WHAT THIS TASK INVOLVES: The part below that opens with the line containing "Yukiiiii0810さん" and closes with the line containing "A. Butazzo.. |" should be copied exactly, minus any pictures.

___ EXTRACTED DATA

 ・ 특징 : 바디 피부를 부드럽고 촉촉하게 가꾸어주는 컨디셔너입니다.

______
___ EXTRACTED DATA

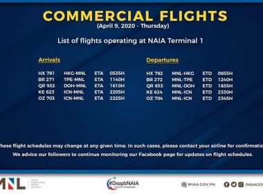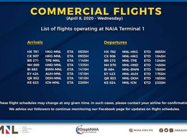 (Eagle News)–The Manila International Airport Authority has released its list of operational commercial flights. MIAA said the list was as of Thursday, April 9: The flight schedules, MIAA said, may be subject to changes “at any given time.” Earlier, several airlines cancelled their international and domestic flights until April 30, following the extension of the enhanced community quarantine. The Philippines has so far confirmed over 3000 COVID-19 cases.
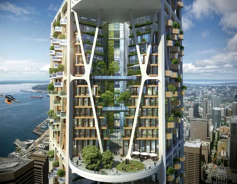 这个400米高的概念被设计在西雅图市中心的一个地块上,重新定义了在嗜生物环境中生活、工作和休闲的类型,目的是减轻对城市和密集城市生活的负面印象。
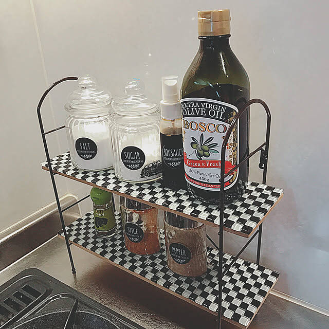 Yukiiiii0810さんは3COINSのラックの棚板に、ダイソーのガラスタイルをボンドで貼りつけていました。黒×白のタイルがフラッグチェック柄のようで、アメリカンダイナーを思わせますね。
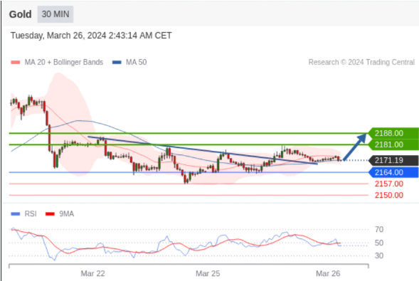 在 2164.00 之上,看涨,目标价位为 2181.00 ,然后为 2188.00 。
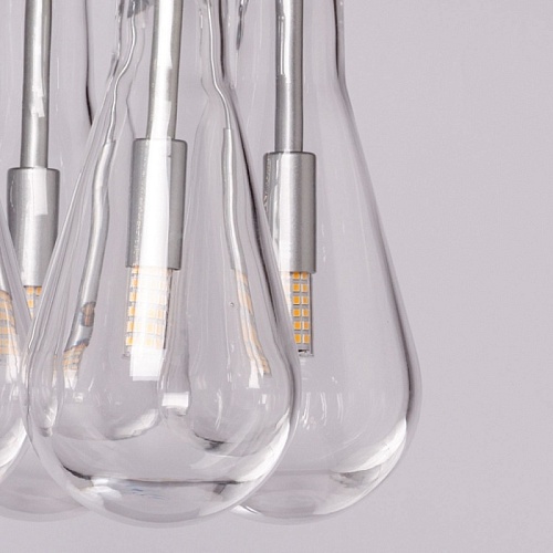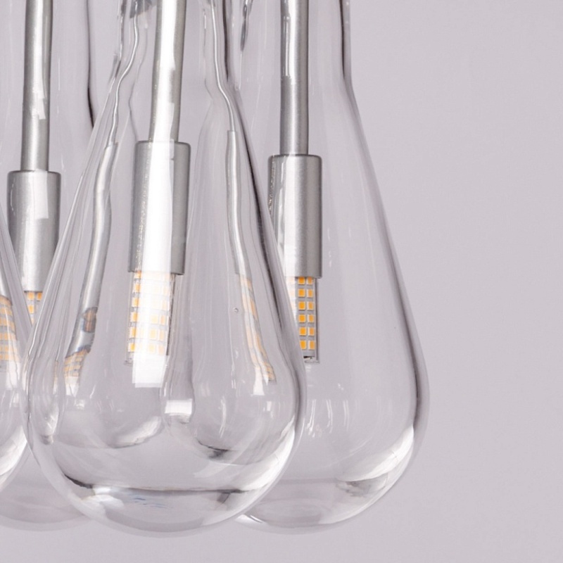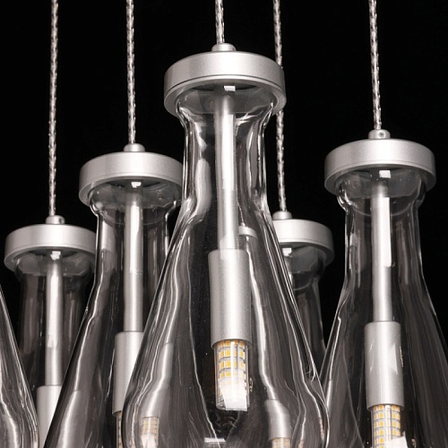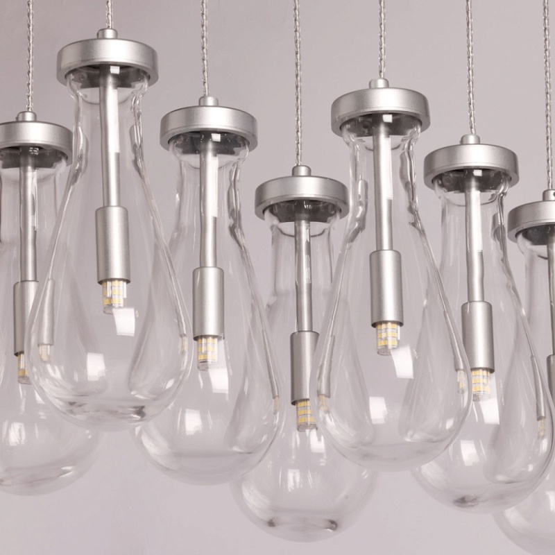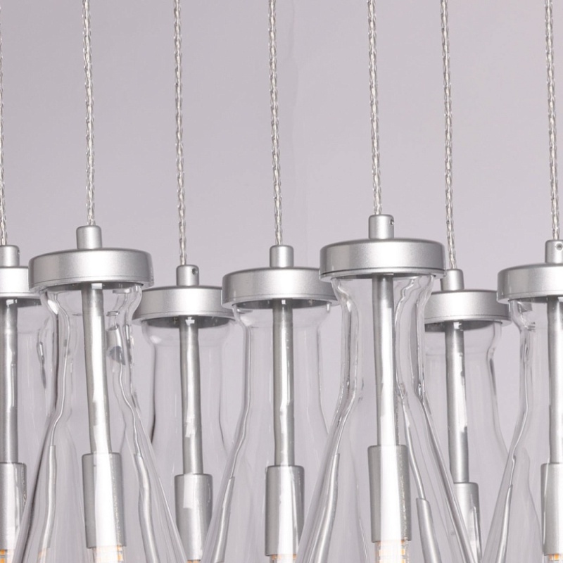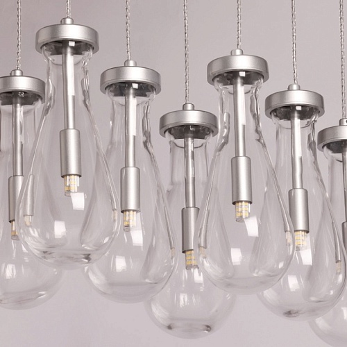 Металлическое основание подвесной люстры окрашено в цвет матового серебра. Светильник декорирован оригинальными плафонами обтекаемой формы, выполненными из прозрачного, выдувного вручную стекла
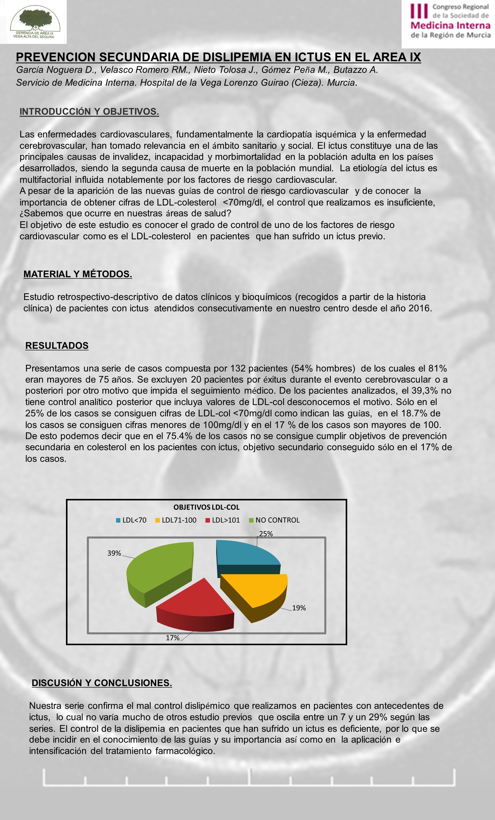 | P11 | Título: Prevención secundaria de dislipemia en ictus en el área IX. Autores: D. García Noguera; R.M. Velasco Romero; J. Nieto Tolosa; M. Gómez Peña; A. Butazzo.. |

______

WRITTEN RESPONSE:
 Yukiiiii0810さんは3COINSのラックの棚板に、ダイソーのガラスタイルをボンドで貼りつけていました。黒×白のタイルがフラッグチェック柄のようで、アメリカンダイナーを思わせますね。
 在 2164.00 之上,看涨,目标价位为 2181.00 ,然后为 2188.00 。
 Металлическое основание подвесной люстры окрашено в цвет матового серебра. Светильник декорирован оригинальными плафонами обтекаемой формы, выполненными из прозрачного, выдувного вручную стекла
 | P11 | Título: Prevención secundaria de dislipemia en ictus en el área IX. Autores: D. García Noguera; R.M. Velasco Romero; J. Nieto Tolosa; M. Gómez Peña; A. Butazzo.. |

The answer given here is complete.